Danach wurde erörtert wer in Gewahrsam genommen wurde. Einige Menschen entschlossen sich zum Polizeipräsidium zu gehen und dort auf die Freilassung zu warten. Bis 10.00 Uhr dauerte es als auch die letzte festgenommene Person die Gefangenensammelstelle verlassen konnte. Einzeln berichteten sie über die Maßnahmen der Düsseldorfer Polizei. Die erste Person beklagte mehrere Schläge ins Gesicht, erläuterte dazu, dass sie sich permanent mit Handschellen in der Zelle befunden hab, ohne eine Möglichkeit zu trinken. Als sie aus der Gefangenensammelstelle entlassen wurde, sagt ihr die Polizistin, die ihr mehrfach ins Gesicht geschlagen hatte: „Und am Ende gewinnen immer wir!“, später fuhr die Beamtin mit einem Streifenwagen vorbei und winkte ihr, mit einem Lächeln im Gesicht.

Als die zweite Person heraus kam, wurde das ganze Ausmaß der Polizeigewalt deutlich. Der „Sechel“-Redaktion liegen Bilder vor, die ein völlig demoliertes Auge zeigen. In der Zeit, in der er sich in Gewahrsam befand, wurde ihm vier Stunden lang der Zugang zu einem Arzt, durch die Polizei, verwehrt. Dann erst erschien ein Arzt, der ihm nach der Besichtigung seiner Verletzung dazu riet schnellstmöglich eine Augenklinik aufzusuchen. Die vierte Person berichtete, dass sie in einen Gefangenentransporter gesteckt wurde, in dem noch Erbrochenes von einem vorherigen Einsatz lag. Auch hier liegt der „Sechel“-Redaktion ein Bild dazu vor.

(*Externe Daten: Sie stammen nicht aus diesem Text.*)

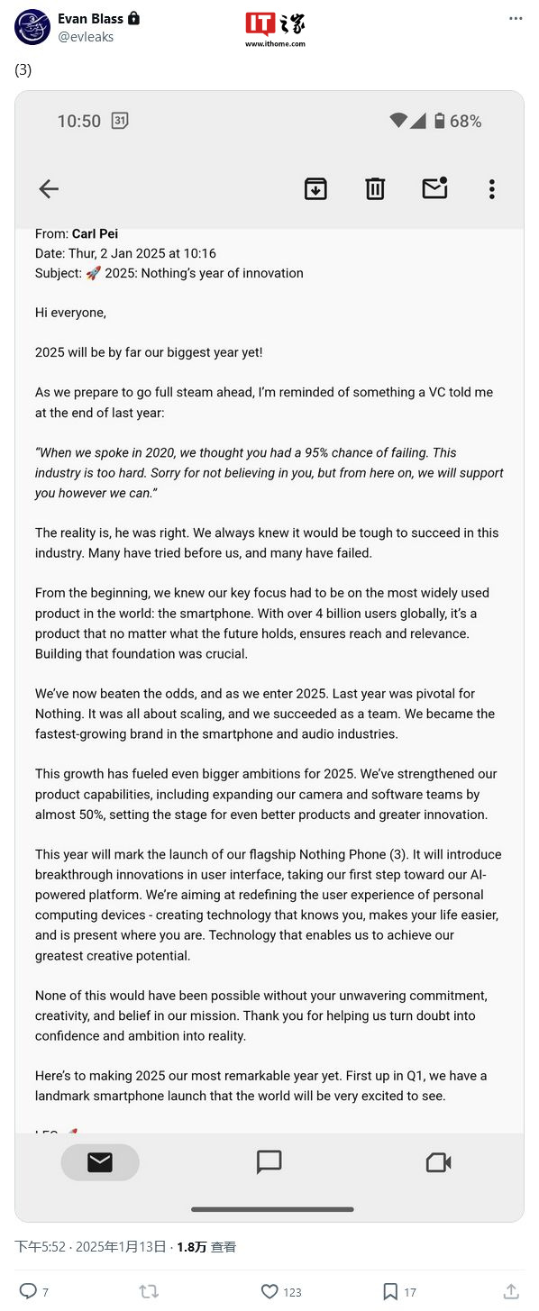 IT之家 1 月 14 日消息,消息源 Evan Blass 昨日(1 月 13 日)在 X 平台发布推文,分享了裴宇发送给 Nothing 员工的内部电子邮件,标题为《2025: Nothing’s Year of Innovation》,确认 Nothing Phone(3)手机今年发布。

Empört zeigte sich die veranstaltende Gruppe „I Furiosi“ kurz nach dem Ende des Polizeieinsatzes um 07.20 Uhr. Auf Facebook verfassten sie ein kurzes Statement, in dem es heißt „gewalttätiger hätte man eine Party kaum beenden können“. Zu dem erklären sie darin ihre Solidarität mit den verletzten Besucher_innen und ordnen ein, dass es für die Polizei ein leichtes gewesen wäre die Situation ohne Eskalation zu beenden, denn „von den restlichen Gästen ging zu keinem Zeitpunkt irgendeine Gefahr aus“.